- Comune di Contursi Terme
- Coat of arms
- Contursi Terme Location within Italy Contursi Terme Location within Campania
- Coordinates: 40°38′N 15°14′E﻿ / ﻿40.633°N 15.233°E
- Country: Italy
- Region: Campania
- Province: Salerno (SA)
- Frazioni: Bagni di Contursi, Pagliarini, Toppe, Piana, Monte di Pruno, Iannamici, Prato, Ponte Mefita, Saginara, San Pietro, Serroni

Government
- • Mayor: Antonio Briscione

Area
- • Total: 28.90 km^{2} (11.16 sq mi)
- Elevation: 250 m (820 ft)

Population (31 August 2007)
- • Total: 3,281
- • Density: 113.5/km^{2} (294.0/sq mi)
- Demonym: Contursini
- Time zone: UTC+1 (CET)
- • Summer (DST): UTC+2 (CEST)
- Postal code: 84024
- Dialing code: 0828
- ISTAT code: 065046
- Patron saint: Saint Donatus
- Saint day: 7 August
- Website: Official website

= Contursi Terme =

Contursi Terme (Contursano: Cundurs) is a village and comune in the province of Salerno in the Campania region of south-western Italy.

==Early history==
No secure identification of Contursi Terme, where ancient remains confirm a settlement at the confluence of the Tanagro (ancient Tanager) with the Sele, is likely. The Roman Ursentum noted in Pliny's Natural History (III.2), is more usually identified with Caggiano. The local historian A. Filomarino, based on etymologies of toponyms, placed the commune's origins as early as the fourth century AD, the result of efforts by the inhabitants of the former Saginara and Contursi to fortify a site that was destroyed by Alaric's Goths at the end of the fourth century.
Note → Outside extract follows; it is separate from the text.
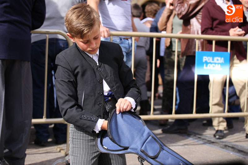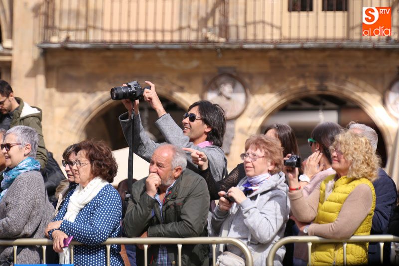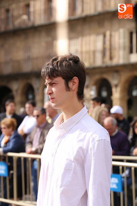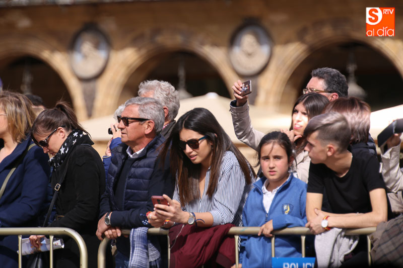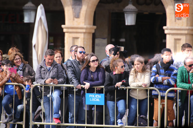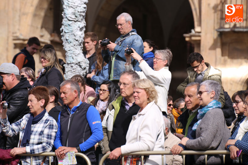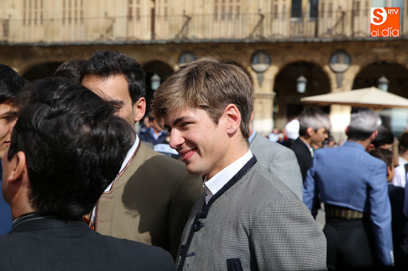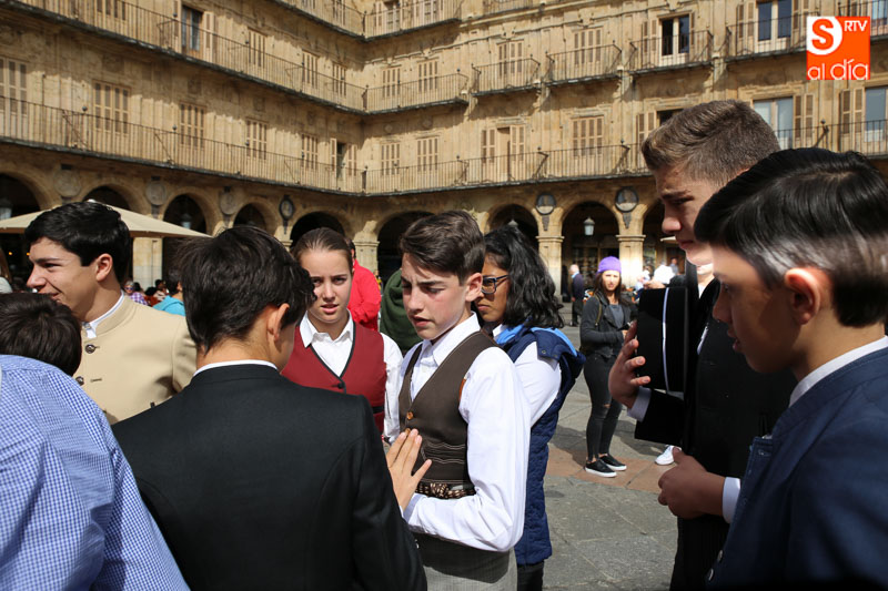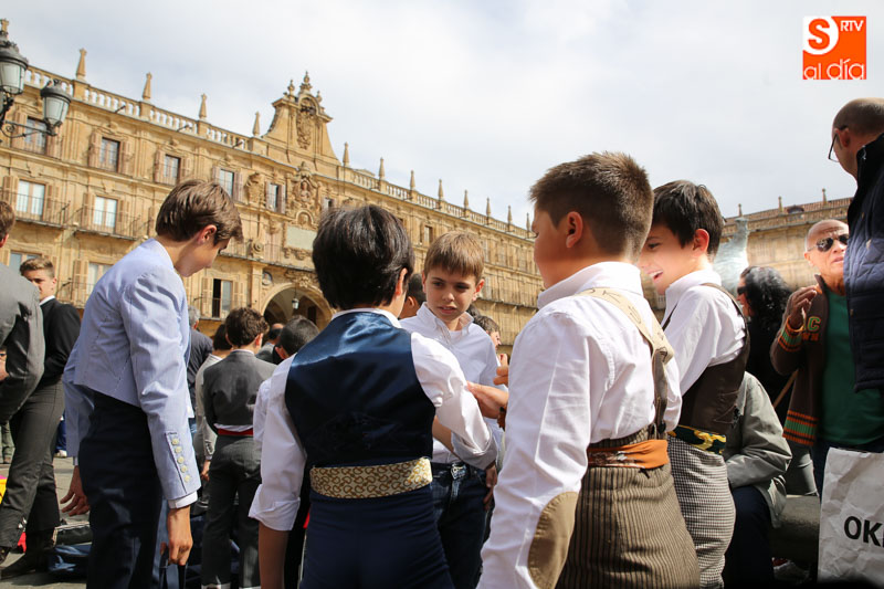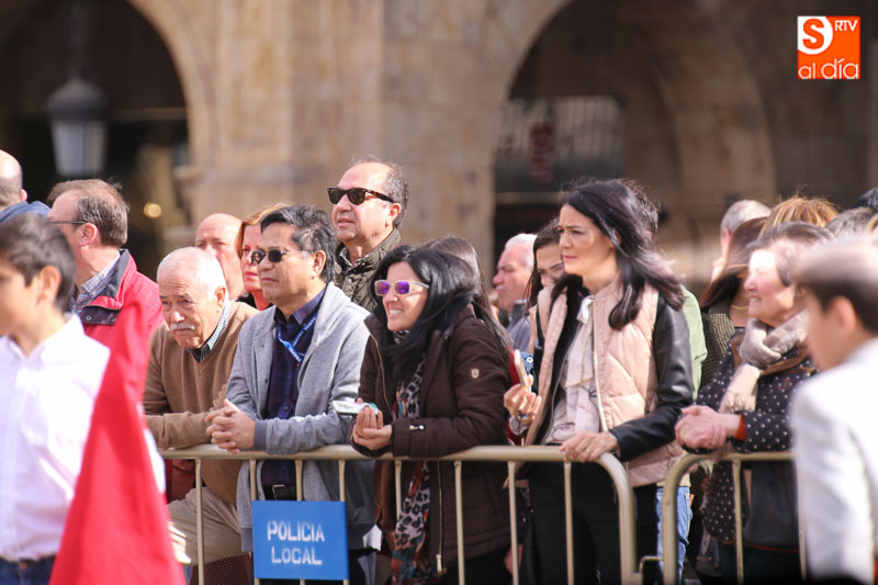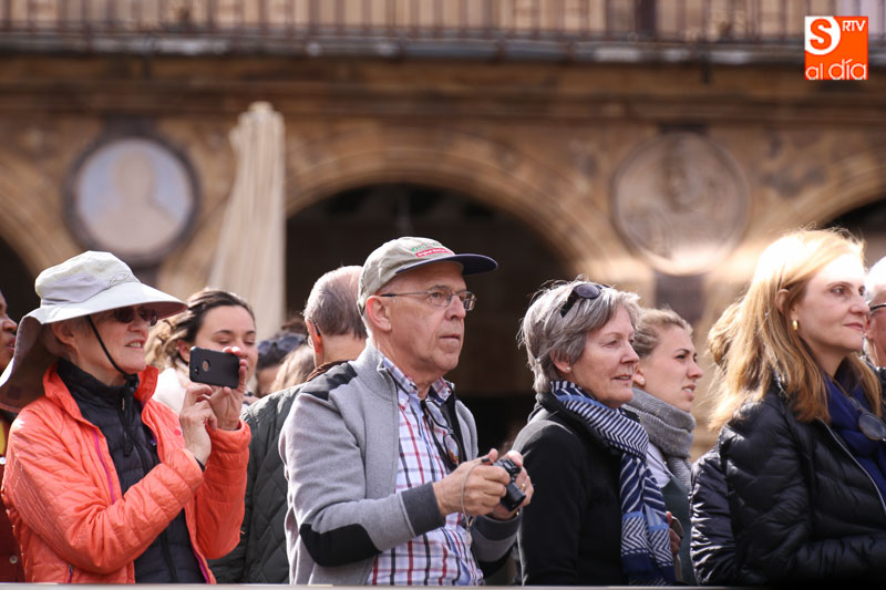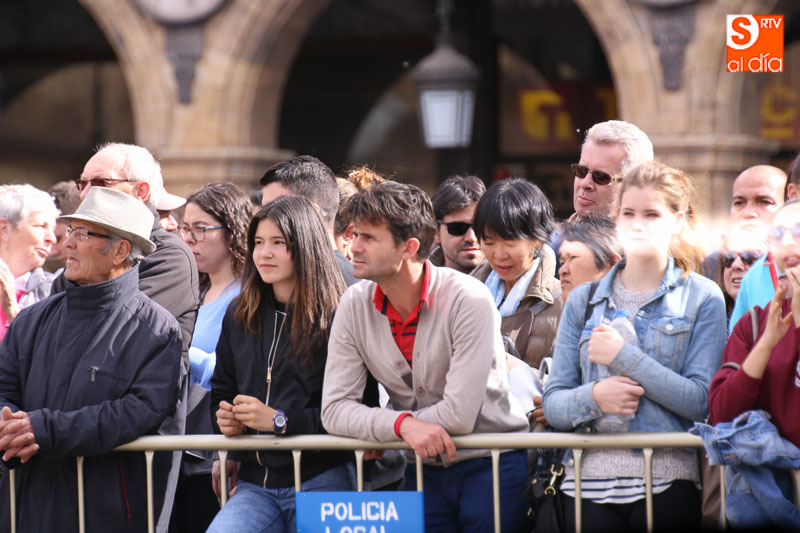 El secretario general de la Consejería de Cultura y Turismo, José Rodríguez Sanz-Pastor, junto con el presidente de la Diputación de Salamanca, Javier Iglesias, y al maestro salmantino Santiago Martín 'El Viti', ha asistido esta tarde a una exhibición de toreo de salón por parte de los alumnos de la Escuela de Tauromaquia de Salamanca. La Plaza Mayor ha sido el escenario en el que cerca de un centenar de participantes han mostrado al público sus destrezas adquiridas durante su formación y al ritmo de música clásica han realizado de forma acompasada diferentes suertes del toreo con capote y muleta.

Under the Lombards it appears to have belonged to the gastaldate of Conza, when a fortress was built in 840 by Orso, count of Conza, from whom the stronghold probably took its name Castrum comitis Ursi, the "castle of count Orso") Orso took the part of his kinsman Siconulf of Salerno (839–51) in internecine wars with Radelchis I of Benevento, who had been a former gastaldo of Conza.

The later history of Contursi Termi formed a local part of the Principality of Salerno, which was retained as a title until the territory was divided in three by Charles II of Naples in 1287, Contursi passing to the prince of Citerione (or Citra) and held by the family Sanseverino. In 1348, Contursi was taken by Louis of Taranto, king of Naples by right of his wife Joanna; he passed the title to his adherents, the Origlia. In 1448 Antonio Sanseverino succeeded in reclaiming title to Contursi, but the Sanseverino heirs held it only until the early sixteenth century, under the Viceroys of Naples. From the seventeenth century the commune passed successively through a number of families, the Bernalli, Pepe, Ludovisi and Parisani Bonanno. The last to hold the contado before the reunification of Italy were the Pisani di Tolentino, marchesi di Caggiano.

==The thermal springs==
The thermal baths, insecurely linked to notices by Roman writers, were described in a manuscript Balnea Contursi of 1231; The fifteen thermal springs, with varying mineral content, have retained their curative reputation, for bathing, both in warm pools and in a cold plunge, and for drinking.

==Parkinson's disease==
Families from the village have played an important role in the understanding of Parkinson's disease. In 1986, Larry Golbe, a doctor based at the University of Medicine and Dentistry of New Jersey, came across a family with six Parkinson's patients, and found that they had originated in Contursi. A few months later he found a second family with several Parkinson's patients, who also had ancestors from the village. This prompted Golbe to collaborate with Giuseppe DiIorio at the University of Naples, to analyse the DNA from Contursani and people who had emigrated from the village across the world. They identified three families in Italy and three families in the US, all of whom were descendants from a single couple who lived in Contursi in the late 17th and early 18th centuries. Of 400 members of this extended family, known as the "Contursi kindred", 61 are known to have had Parkinson's. This showed for the first time that Parkinson's could be inherited.

Geneticists Alice Lazzarini and William Johnson worked through the early 1990s trying to isolate the mutation that caused the disease. In 1996, a team led by Mihael Polymeropoulos at the National Institutes of Health located by linkage analysis the Parkinson's disease gene of the Contursi kindred on the long arm of human chromosome 4. In 1997, the same team identified a point mutation in the alpha-synuclein gene in the Contursi kindred as well as Greek pedigrees with Parkinson's disease. The NIH team and a team led by Maria Grazia Spillantini reported on alpha-synuclein deposits in Lewy bodies as well as alpha-synuclein inclusions in other neurodegenerative disorders.